**Task to carry out**
The answer must be the full listing, word for word, with no pictures in it.

**Data**
################

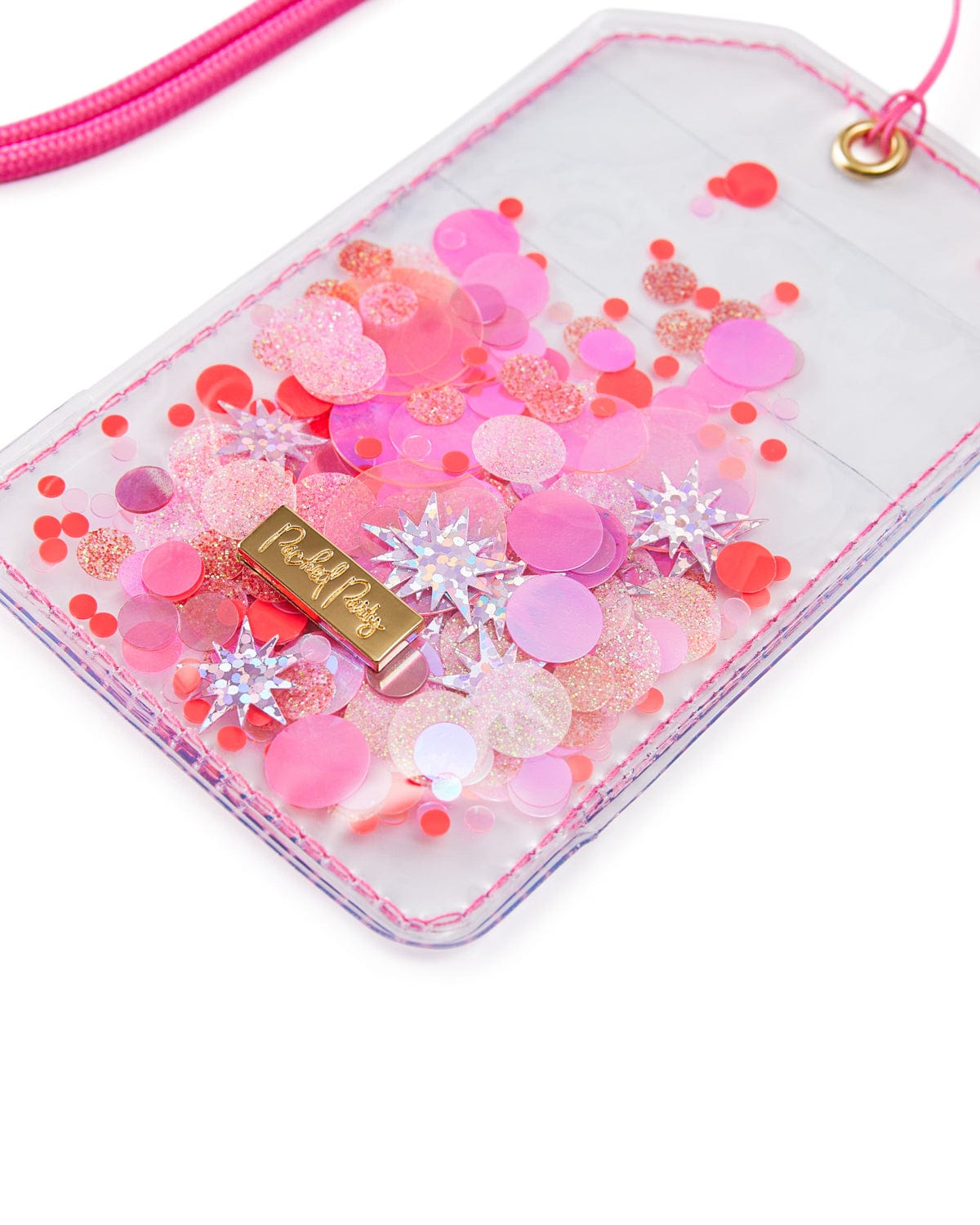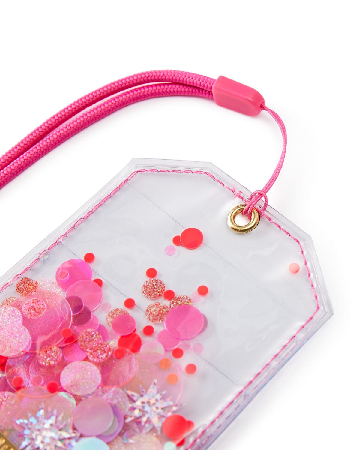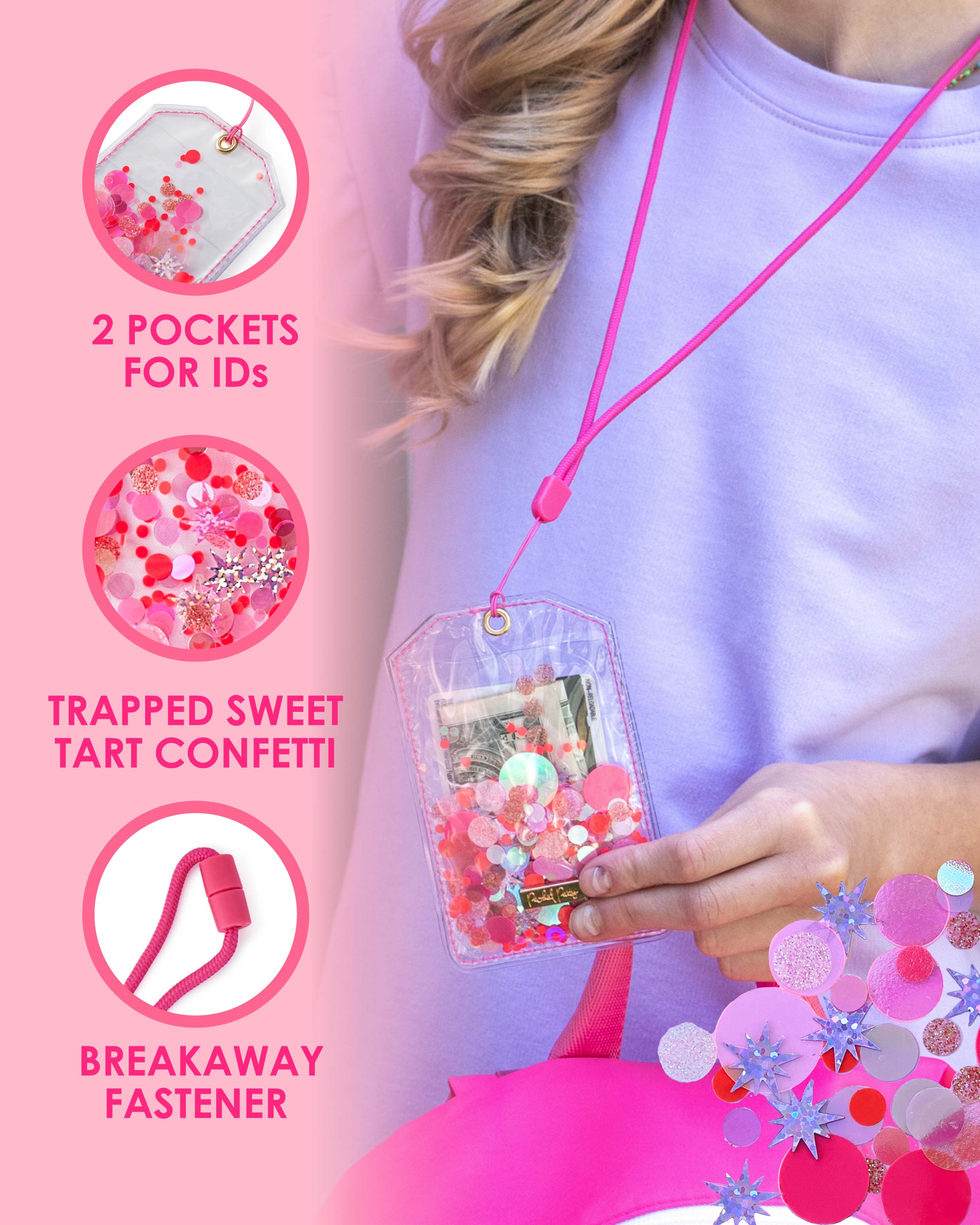 Make your keycard or ID badge more fun with this confetti lanyard! Featuring our Sweet Tart pink confetti and two card pockets, this lanyard is the perfect accessory for students, nurses, or anyone really!
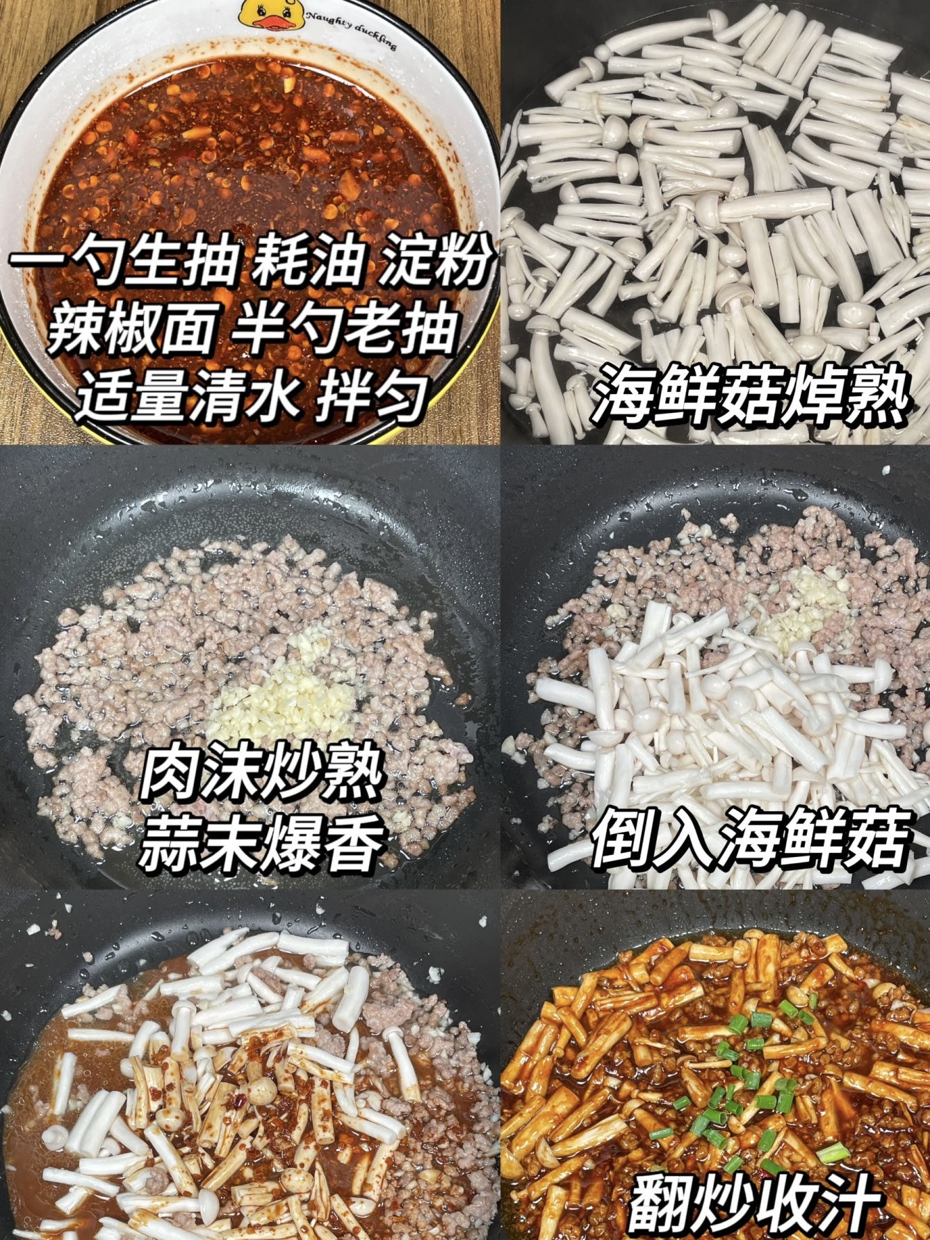先把食材排个队:海鲜菇一盒(也叫蟹味菇,白白胖胖像小珊瑚),猪肉末二两(肥三瘦七最香,懒人可以直接买现成),大蒜三瓣(别怕多,它负责灵魂),干辣椒面半勺(不吃辣换成小米辣也行),生抽、老抽、蚝油、淀粉各一勺,再来半碗清水。调料就这些,没八角也没香叶,家常到邻居家都能借齐。
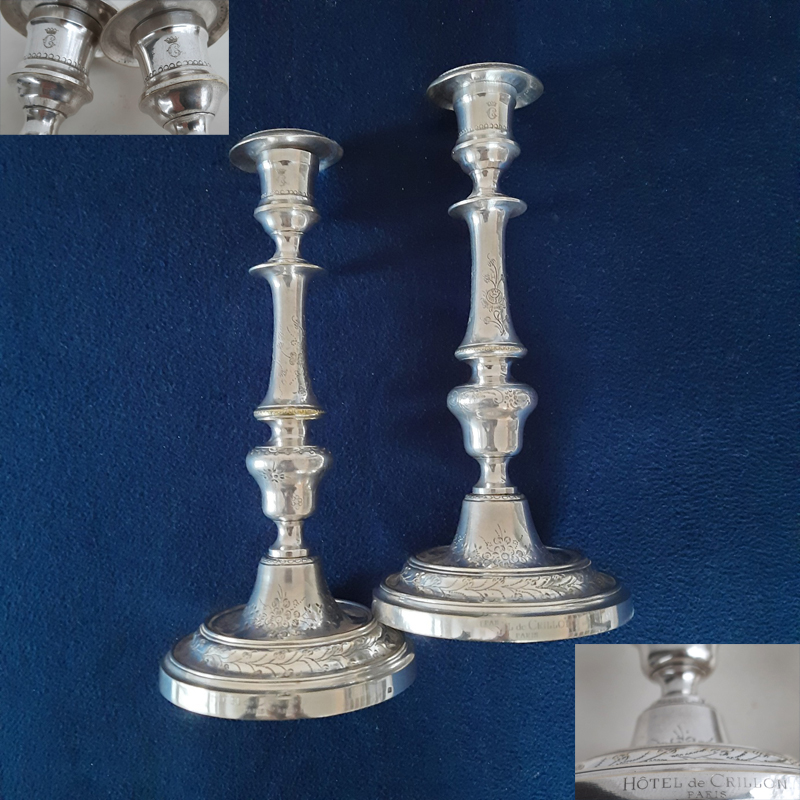 Each candlestick bears the inscription beneath the socket: “C with crown” and “Hôtel de Crillon Paris”

################

**Answer to the exercise**
 Make your keycard or ID badge more fun with this confetti lanyard! Featuring our Sweet Tart pink confetti and two card pockets, this lanyard is the perfect accessory for students, nurses, or anyone really!
先把食材排个队:海鲜菇一盒(也叫蟹味菇,白白胖胖像小珊瑚),猪肉末二两(肥三瘦七最香,懒人可以直接买现成),大蒜三瓣(别怕多,它负责灵魂),干辣椒面半勺(不吃辣换成小米辣也行),生抽、老抽、蚝油、淀粉各一勺,再来半碗清水。调料就这些,没八角也没香叶,家常到邻居家都能借齐。
 Each candlestick bears the inscription beneath the socket: “C with crown” and “Hôtel de Crillon Paris”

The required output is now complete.